Convicted loyalist murderer Stephen Irwin is to serve out the eight life sentences he received for the 1993 Greysteel atrocity.
Irwin was convicted of the Greysteel killings
Irwin had been released under the terms of the Good Friday Agreement.
However, his licence was suspended after he was accused of slashing a football supporter with a knife during trouble at last year's Irish Cup Final.
Irwin, who is 32 and with an address on Belfast's Woodvale Road, was jailed for four years for that attack last week.
Eight people were shot dead when the Ulster Freedom Fighters opened fire inside the Rising Sun bar in the County Londonderry village of Greysteel at Halloween 1993.
One of the gunmen shouted "trick or treat" before opening fire on customers.
Irwin and three other UFF men were convicted and given eight life sentences for the murders.
It is understood Irwin still has a right to appeal - although he has not responded to two previous chances to do so.
Father Stephen Kearney, who was parish priest in Greysteel at the time of the murders, said
relatives of the victims were relieved Irwin had been ordered to serve the eight life sentences he received.
"I am sure seeing his photograph in the paper with the knife is bound to be very upsetting," he said.

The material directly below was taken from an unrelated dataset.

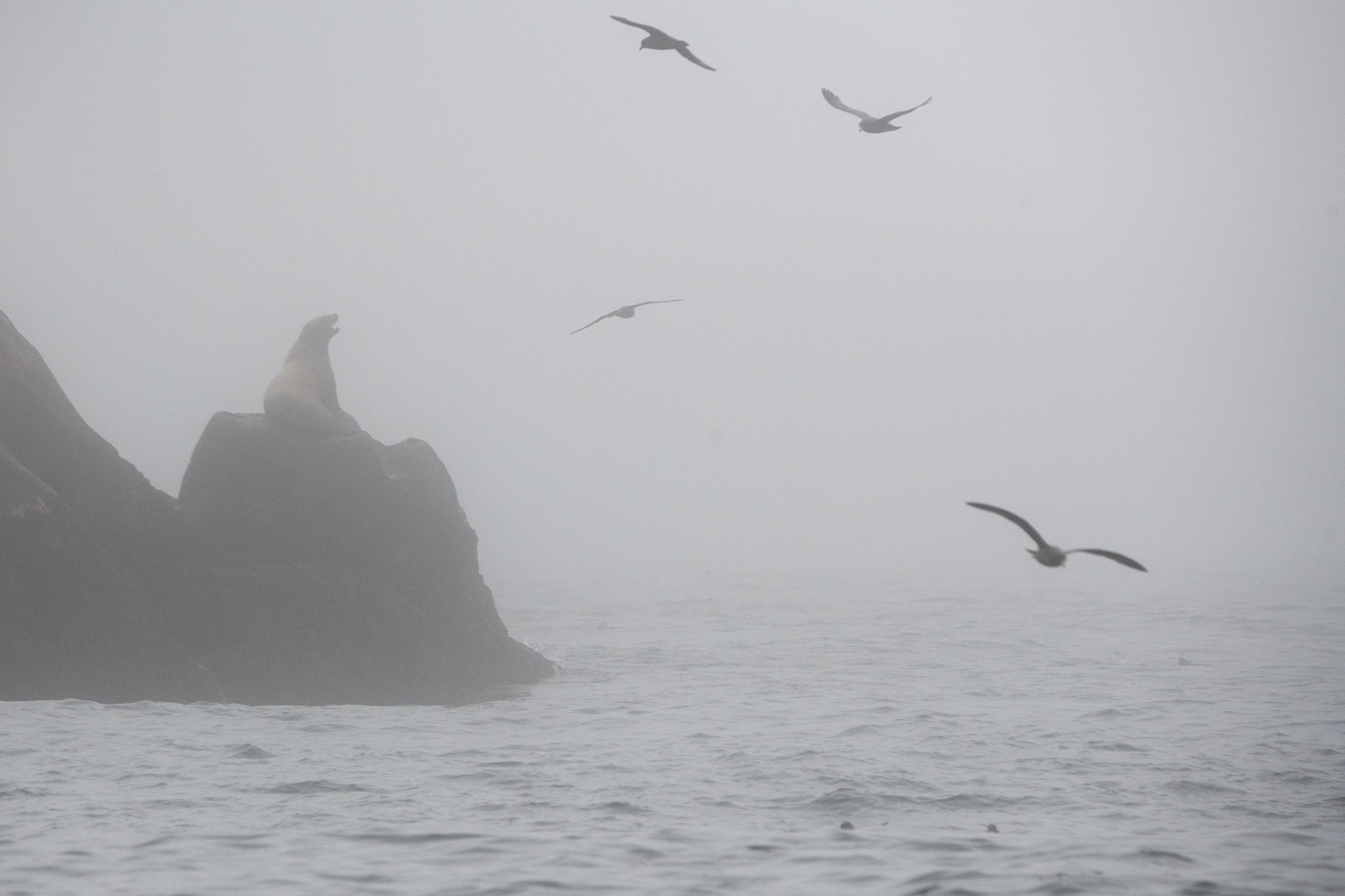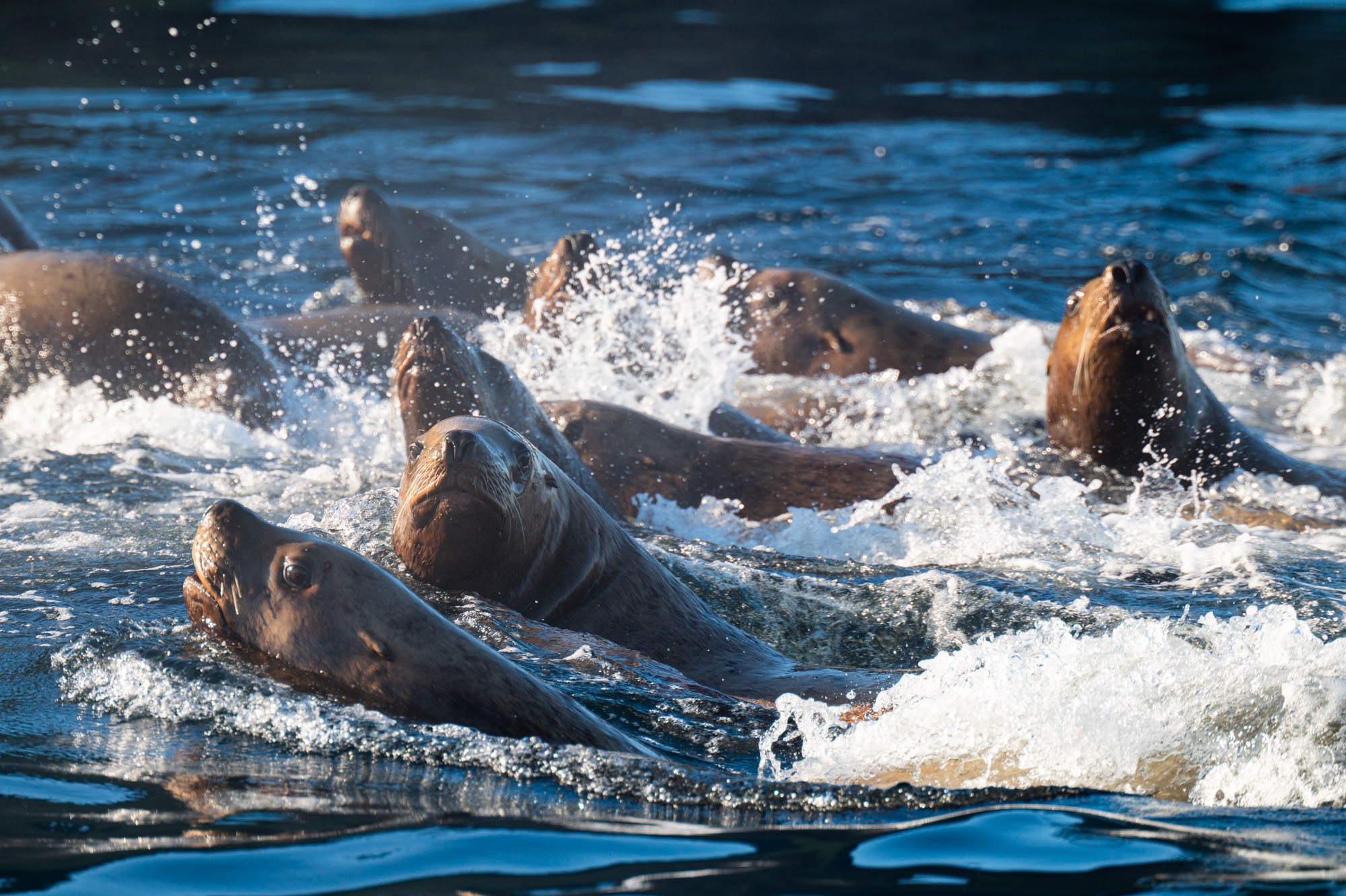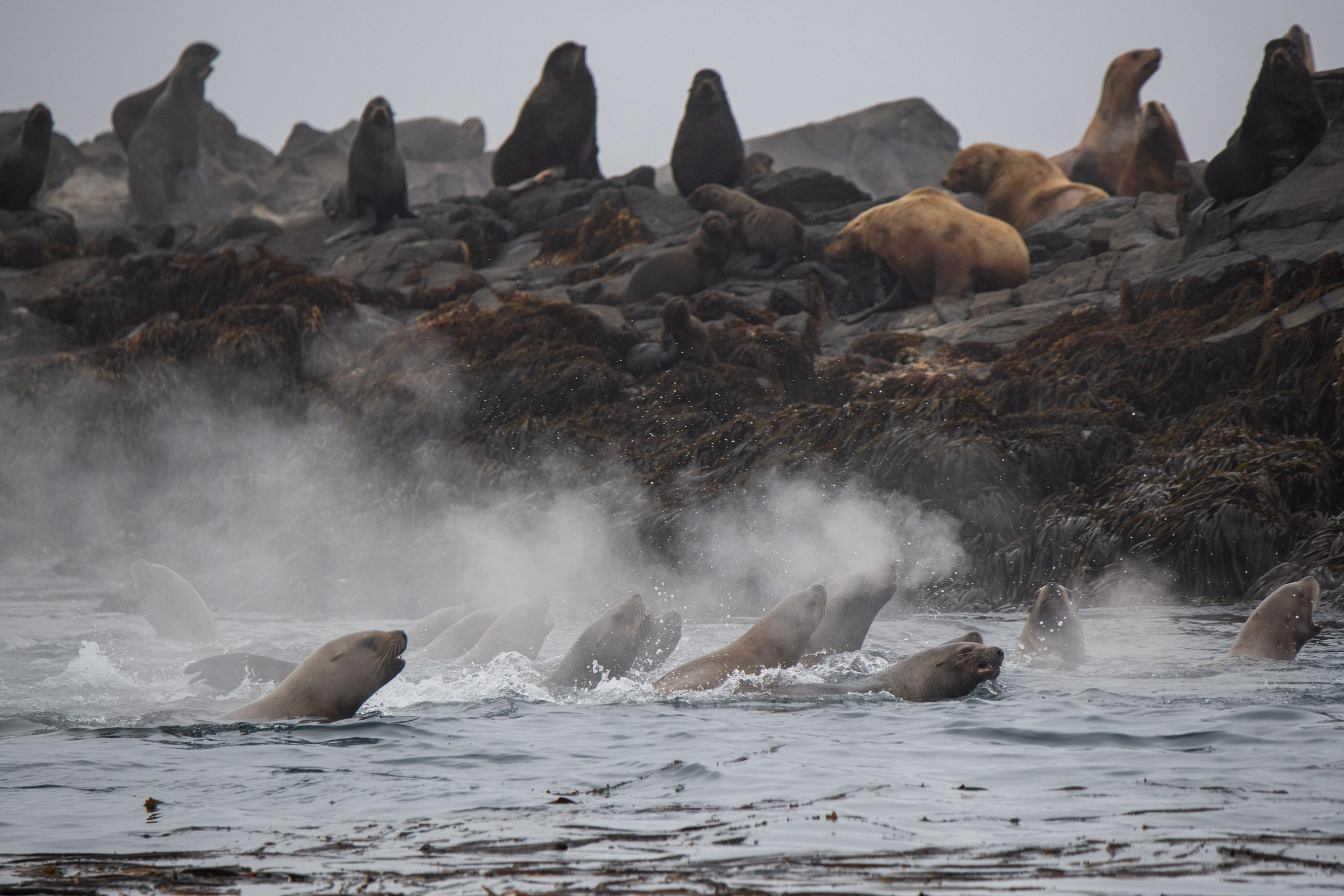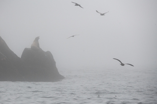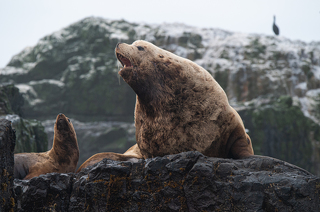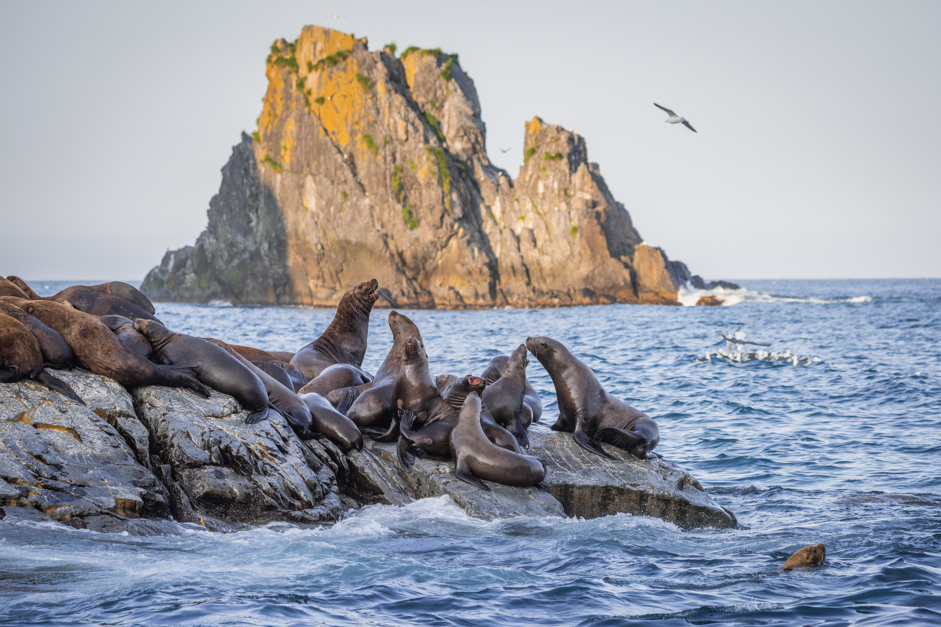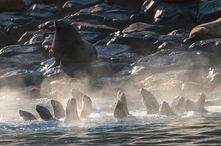 В районе рассвета приходим на остров Брат Чирпоев и знакомимся с его обитателями - морскими львами Стеллера. Или просто сивучами. Смотрим за их повадками, фотографируем.

"They will now have a sense of relief that they will know for certain that they will not meet him.
"It is not that they want him punished - they won't have to relive it again."
SDLP assembly member John Dallat said he welcomed the move to have Irwin serve the eight life sentences.
"However I am concerned that he can still apply for earlier release, but given the notoriety of his crimes the life sentencing review board should not change their decision.
"I hope the families of the innocent victims he killed will find some comfort knowing this man will live the rest of his days behind bars."